After taking the dot product between the output embeddings and the 'start' weights, we apply the softmax activation to produce a probability distribution over all of the words. Whichever word has the highest probability of being the start token is the one that we pick.

We repeat this process for the end token--we have a separate weight vector this.

![End token classification](http://www.mccormickml.com/assets/BERT/SQuAD/end_token_classification.png)

### Part 2: Example Code

In the example code below, we'll be downloading a model that's *already been fine-tuned* for question answering, and try it out on our own text.

If you do want to fine-tune on your own dataset, it is possible to fine-tune BERT for question answering yourself. See [run_squad.py](https://github.com/huggingface/transformers/blob/master/examples/run_squad.py) in the `transformers` library. However,you may find that the below "fine-tuned-on-squad" model already does a good job, even if your text is from a different domain. 

> Note: The example code in this Notebook is a commented and expanded version of the short example provided in the `transformers` documentation [here](https://huggingface.co/transformers/model_doc/bert.html?highlight=bertforquestionanswering#transformers.BertForQuestionAnswering).

### 1. Install huggingface transformers library

This example uses the `transformers` [library](https://github.com/huggingface/transformers/) by huggingface. We'll start by installing the package.

In [None]:
import torch

### 2. Load Fine-Tuned BERT-large

For Question Answering we use the `BertForQuestionAnswering` class from the `transformers` library.

This class supports fine-tuning, but for this example we will keep things simpler and load a BERT model that has already been fine-tuned for the SQuAD benchmark.
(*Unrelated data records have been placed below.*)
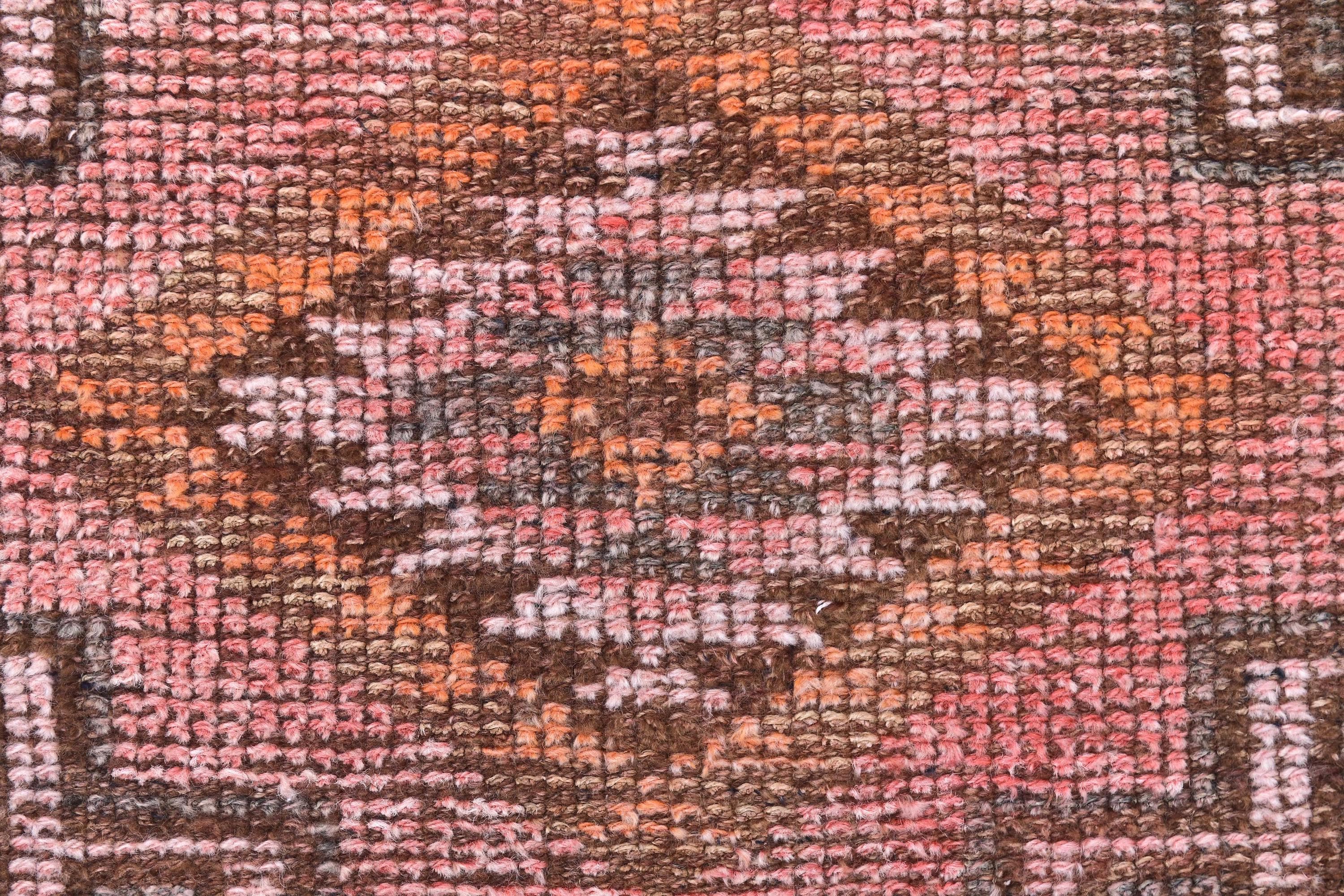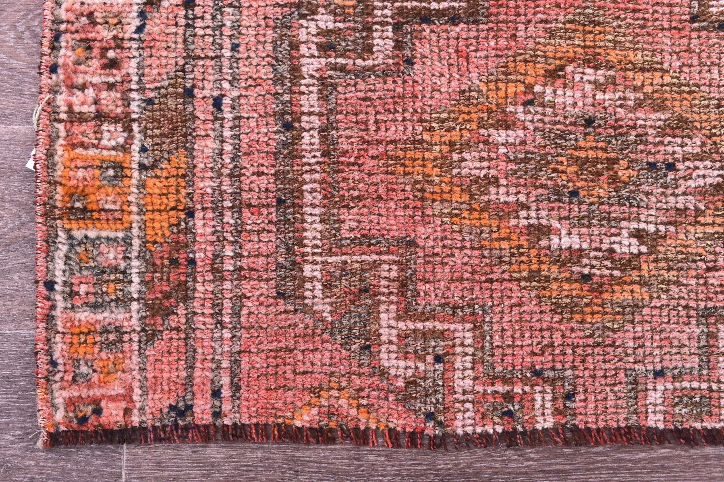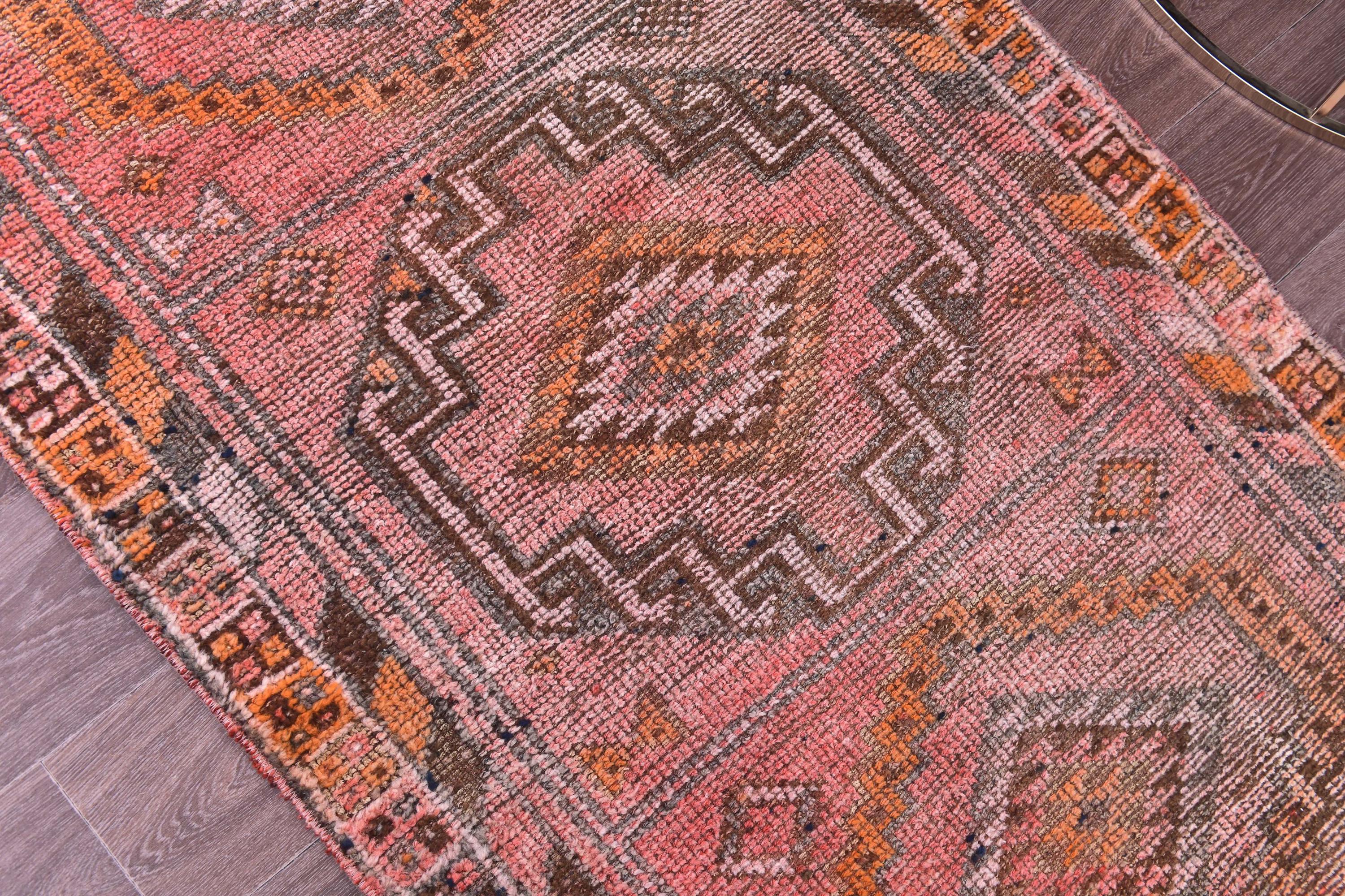 📜📌 Vintage Turkish Oushak runner rug featuring faded pink, beige, yellow and grey geometric medallion pattern with traditional star motifs and zigzag borders, handwoven wool with distressed patina, displayed on wood floor next to blue armchair
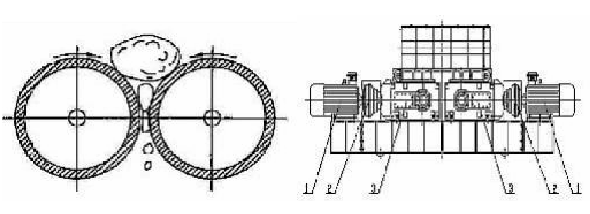 雙輥式破碎機(jī)的工作原理及結(jié)構(gòu)示意圖
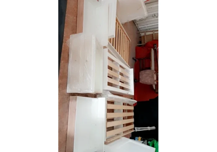 سرير مزدوج طابقين فوق بعض مع فرشاتهم..خشب طبيعي ساندويش اول باب ..لون السريرين أبيض ..ميتعملات شبه جداد ..سعر التكلفة وهم جداد
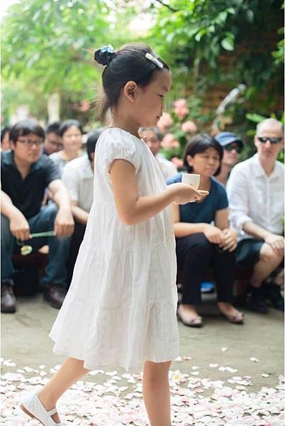 穿上白鞋,孩子小心翼翼的捧著一杯茶,走過象徵靈性世界的彩虹橋,帶著天賦履行自己的任務;走過彩虹橋,在爸媽面前跪下、然後感恩、敬虔的為爸爸或媽媽奉上一杯茶,爸媽也為孩子戴上帶著祝福的禮物,擁抱孩子、給予最深刻的愛。
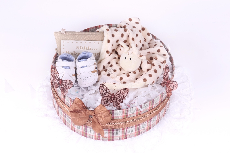 This is a large one tier chocolate brown baby boy nappy cake. This special nappy cake is filled with lovely useful and practical baby items. This unique Baby Nappy Cake is the perfect for a new baby boy. The gorgeous cake is complemented with satin bows and sparkly butterfly decorations and then hand-wrapped in cellophane with lots of pretty ribbons and bow. Everyone will love its trendy colours and design.
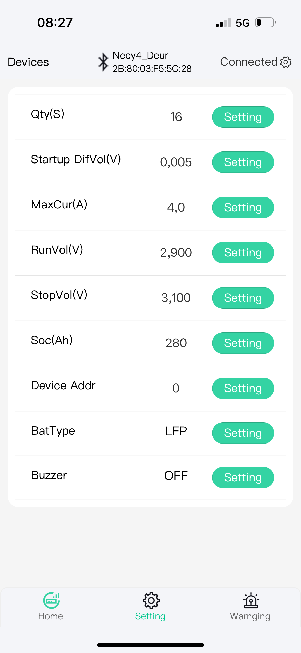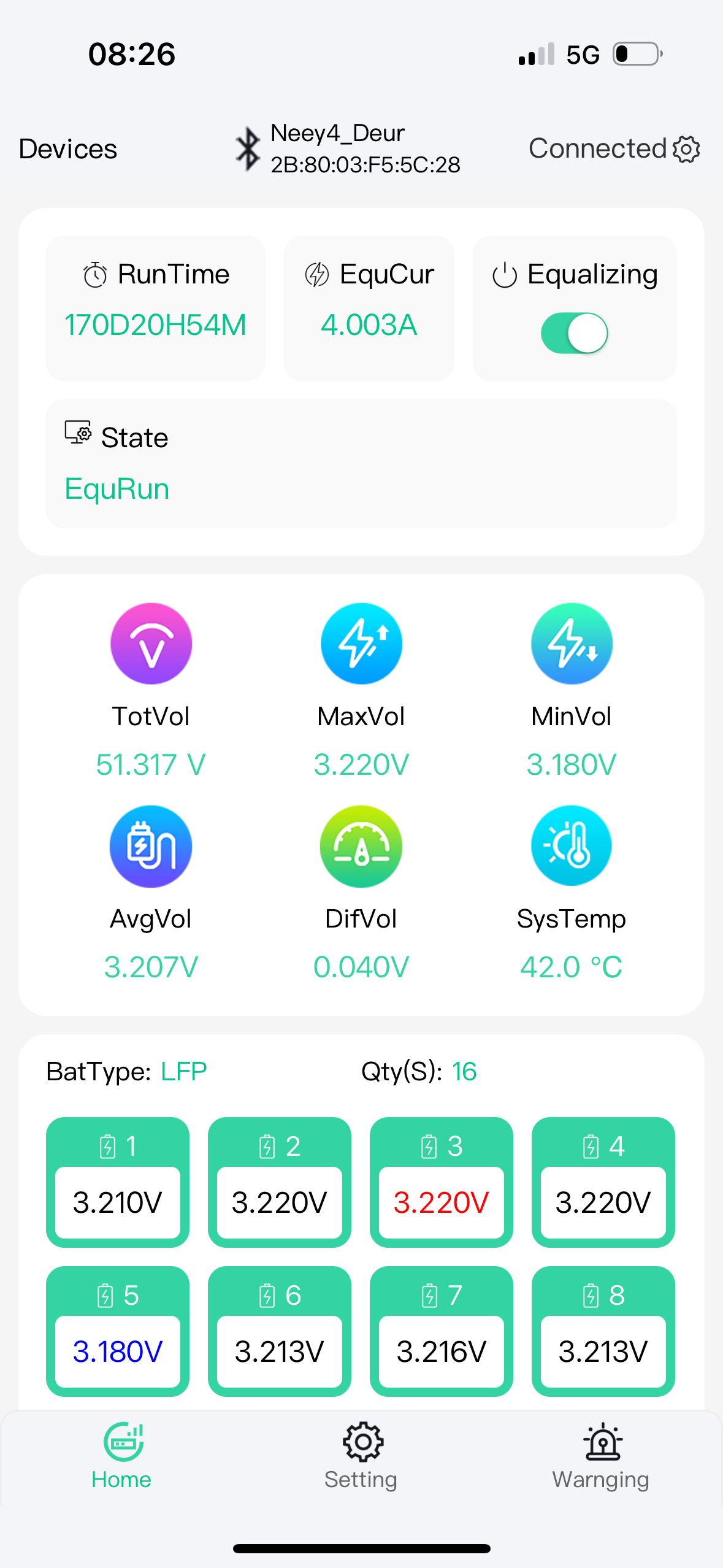 Ich hab jedoch festgestellt, dass der NEEY zwar erst ab der einstellbaren Zelldifferenz (Startup DifVol) loslegt wenn denn auch RunVol erreicht/überschritten wurde, er balanciert jedoch solange bis Zelldifferenz irgendwo bei 5mV liegt. Es ist m.E. also nicht einstellbar, dass er unterhalb von 25mV Zelldifferenz auch wieder aufhören kann. Tante edit: Gestern noch mal nachgeschaut, ich muss mich korrigieren. Ich hab eine StartDifVol von 25mV eingestellt, wenn alle Zellen (derzeit insgesamt 48 in drei Packs) unterhalb der 25mV liegen stoppt er das Balancieren ordnungsgemäß.
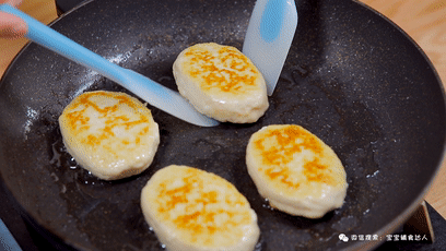 小火煎到小饼底部定型,翻面。火不要太大,这里如果对自己不太有信心的姐妹,可以做得稍微薄一点、小一点,更好熟。
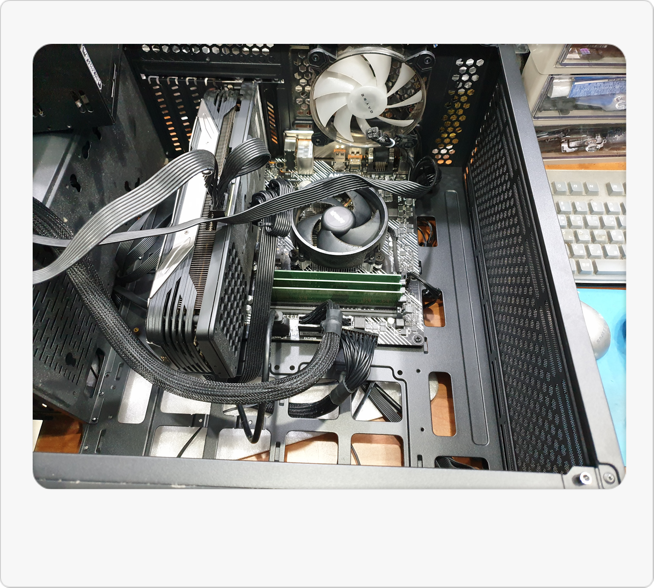 우선 본체를 열어 내부를 살펴보니, 생각보다 먼지가 꽤 쌓여 있었습니다. 오래 사용하면 어쩔 수 없이 내부에 이물질이 생기기 마련인데, 이게 잘못하면 열 배출에 영향을 주거나 부품 손상의 원인이 되기도 해요. 손님께서는 매번 외관만 살짝 닦아주셨다는데, 적어도 1년에 한 번쯤은 케이스 내부 점검이 필요하다고 설명드렸습니다. 그래도 다행인 건, 다른 부품들은 큰 문제 없이 잘 버티고 있었어요. 오랜 기간 사용한 만큼 구형이긴 하지만, 의외로 튼튼하다고 느껴지더라고요. 제가 다시 봐도 ‘역시 예전 제품들이 내구성이 좋긴 하구나’라는 생각이 들었습니다.
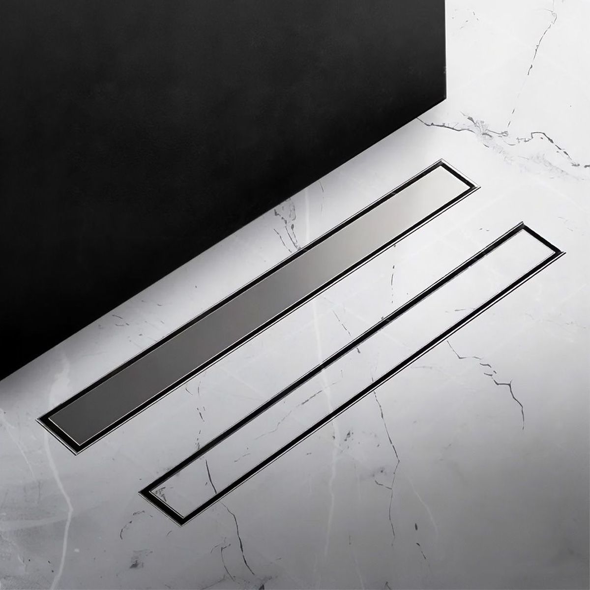 Modern linear drain with dual surface finish options for bathroom customization. .. more
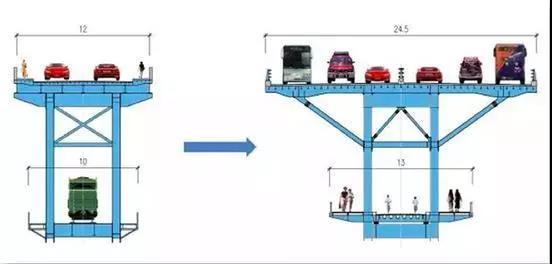 大修后,松浦大橋?qū)⑴f貌換新顏,上層拓寬成雙向6車道,橋面寬24.5米,不再承擔(dān)鐵路交通運(yùn)營的下層,也將作為慢行交通過江專用通道。
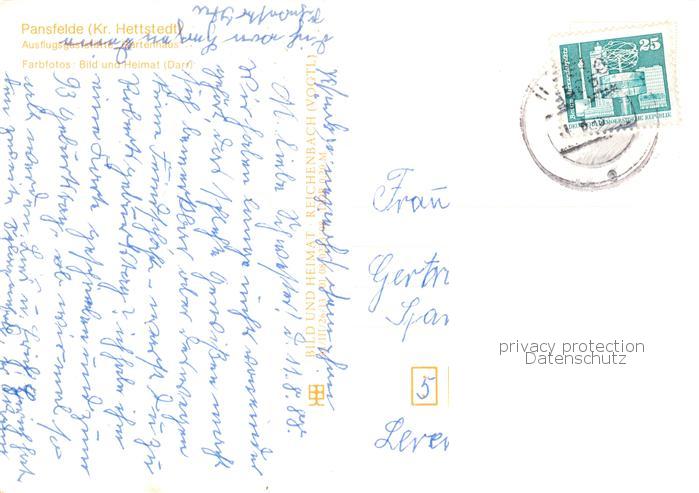 73813522 alte Postkarte Pansfelde HOG Gartenhaus Gastraeume postalisch gelaufen Erhaltung siehe scans [WerneD78] KatCode: 11110015085110
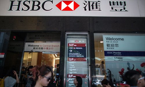 Pedestrians walk past an HSBC bank branch in Hong Kong on May 4. HSBC said Tuesday it would cut its global headcount by up to 50,000 as part of a restructuring that entails its withdrawal from Brazil and Turkey. Photo: CFP
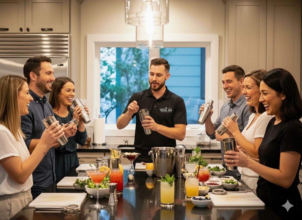 Our cocktail class is a full party experience, not just a demo. A professional bartender handles all setup and cleanup while teaching hands-on techniques. Guests mix and enjoy top-notch drinks as they hear the fascinating backstories behind each cocktail—not just the recipe. The lively atmosphere keeps everyone laughing, learning, and celebrating from the first shake to the final sip.

The `transformers` library has a large collection of pre-trained models which you can reference by name and load easily. The full list is in their documentation [here](https://huggingface.co/transformers/pretrained_models.html).

For Question Answering, they have a version of BERT-large that has already been fine-tuned for the SQuAD benchmark. 

BERT-large is really big... it has 24-layers and an embedding size of 1,024, for a total of 340M parameters! Altogether it is 1.34GB, so expect it to take a couple minutes to download to your Colab instance. 

(Note that this download is not using your own network bandwidth--it's between the Google instance and wherever the model is stored on the web).

Note: I believe this model was trained on version 1 of SQuAD, since it's not outputting whether the question is "impossible" to answer from the text (which is part of the task in v2 of SQuAD).


In [None]:
from transformers import DistilBertForQuestionAnswering

model = DistilBertForQuestionAnswering.from_pretrained('distilbert-base-uncased-distilled-squad')


Load the tokenizer as well. 

Side note: Apparently the vocabulary of this model is identicaly to the one in bert-base-uncased. You can load the tokenizer from `bert-base-uncased` and that works just as well.

In [None]:
from transformers import DistilBertTokenizer

tokenizer = DistilBertTokenizer.from_pretrained('distilbert-base-uncased-distilled-squad')

### 3. Ask a Question

Now we're ready to feed in an example!

A QA example consists of a question and a passage of text containing the answer to that question.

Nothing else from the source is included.